-
Tips for becoming a good boxer - November 6, 2020
-
7 expert tips for making your hens night a memorable one - November 6, 2020
-
5 reasons to host your Christmas party on a cruise boat - November 6, 2020
-
What to do when you’re charged with a crime - November 6, 2020
-
Should you get one or multiple dogs? Here’s all you need to know - November 3, 2020
-
A Guide: How to Build Your Very Own Magic Mirror - February 14, 2019
-
Our Top Inspirational Baseball Stars - November 24, 2018
-
Five Tech Tools That Will Help You Turn Your Blog into a Business - November 24, 2018
-
How to Indulge on Vacation without Expanding Your Waist - November 9, 2018
-
5 Strategies for Businesses to Appeal to Today’s Increasingly Mobile-Crazed Customers - November 9, 2018
Svetlana Alexievich of Belarus wins Nobel literature prize
As a journalist she wrote about the Soviet invasion of Afghanistan, recording the experiences of ordinary soldiers engaged in the proxy war in the already troubled Brezhnev phase of the USSR’s collapse. The academy itself said Alexievich was chosen “for her polyphonic writings, a monument to suffering and courage in our time”.
Advertisement
“She said one word: ‘Fantastic!'” Danius said.
Like many intellectuals in Belarus, Alexievich supports the political opponents of authoritarian President Alexander Lukashenko, who is up for re-election on Sunday.
She lived in Paris, Gothenburg and Berlin since 2000 after she was persecuted by Lukashenko regime of Belarus.
“It’d be interesting to see what he’s going to do in the situation”, she said, speaking on the landing outside her apartment in a Soviet-era block. I can’t speak anywhere publicly.
In explaining why she wrote about the terrors and horrors of the past, she responded, “If we don’t understand what was wrong with us, we’ll never rid ourselves of our past”.
Alexievich’s views and independence have made her unpopular with authorities in Belarus, as well, where she belongs to the opposition, her website says. I love the Russian people. Her books were no longer published in the country and were removed from the school curriculum.

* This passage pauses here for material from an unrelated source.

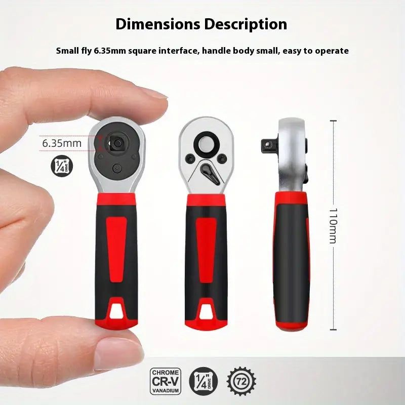 1/4 Inch Ratchet Socket Wrench, Small High Torque Socket, Professional Grade Industrial Grade Wheel Socket Wrench Tool, 72-Tooth High Torque, Essential for Home Decoration

It sold more than 2 million copies. “They will have to listen to me”, she said.
Alexievich’s first book, “I’ve Left My Village”, gave her a reputation as a dissident.

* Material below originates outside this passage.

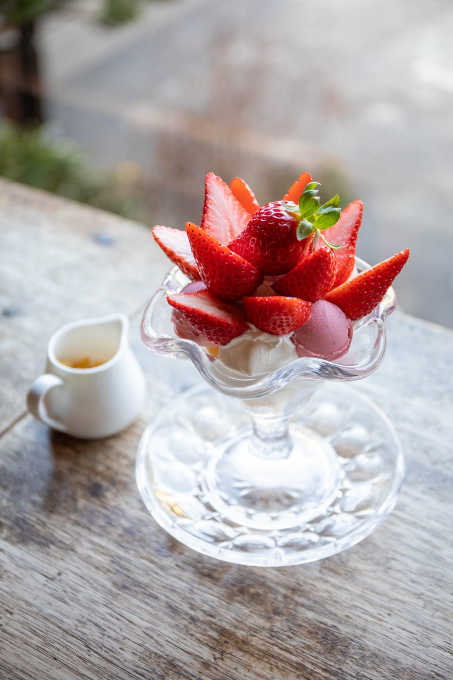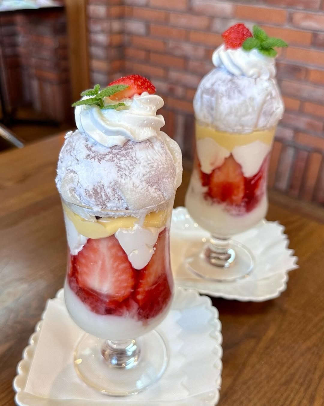 大粒の苺がたっぷり味わえる、まさにプレミアムなパフェ。苺は常滑産「ゆめのか」を使用しています。

In an interview following the announcement, the Swedish Academy’s permanent secretary, Sara Danius, elaborated on the decision.
Latest news from the awarding of the Nobel Prize in literature. “But it’s also a bit disturbing”. “I have two ideas for new books, so I’m pleased that I will now have the freedom to work on them”.

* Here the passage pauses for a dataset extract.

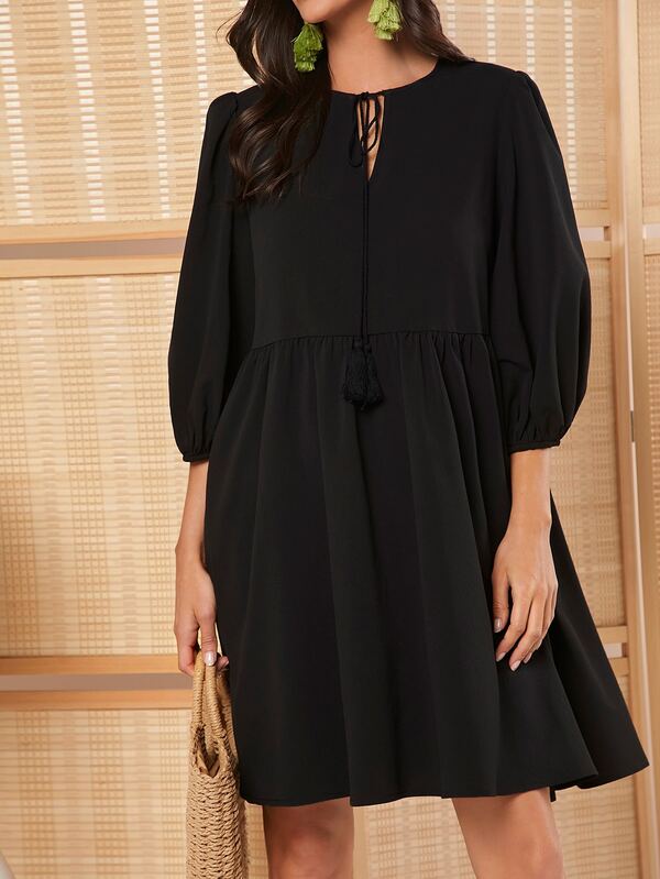 SHEIN LUNE Tie Neck Lantern Sleeve Smock Dress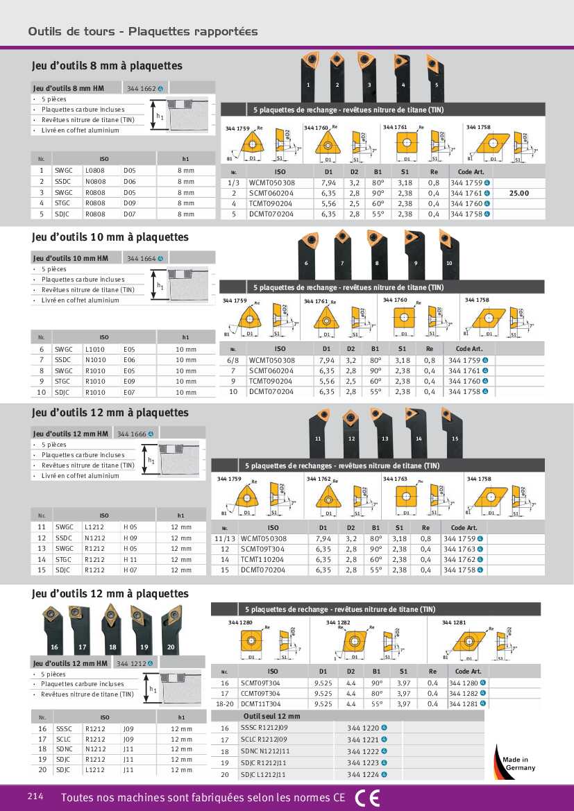 Spécification: Jeu de 5 plaquettes ISO TCMT110204Optimum

Born in May 1948 in Ukraine, Alexievich studied journalism at the University of Minsk in Belarus from 1967 to 1972 and worked as a teacher and journalist. Her books, which have spanned three decades and appeared in Russian and in translation into English and other languages, include War’s Unwomanly Face, Zinky Boys, and Voices from Chernobyl.
In 1997, Alexievich published “Voices from Chornobyl: Chronicle of the Future”.
Her writing has involved the collection, “collage”, and communication of human stories from some of the most painful and dramatic events of her region’s history: the Second World War, the Chernobyl nuclear disaster, and Russia’s ill-fated war in Afghanistan between 1979 and 1989, to name a few.
She is the 14th woman to win Nobel’s literature honor and was preceded by Alice Munro who was given the award in 2013.
On Wednesday, Sweden’s Tomas Lindahl, Paul Modrich of the United States and American-Turkish scientist Aziz Sancar won the Nobel Prize in Chemistry for their research on DNA fix. It is also based on extensive interviewing.
The economics prize will wrap up this year’s Nobel season on October 12. The awards in medicine, physics and chemistry were announced earlier this week.
Advertisement
All awards will be handed out on December. 10, the anniversary of prize founder Alfred Nobel’s death in 1896.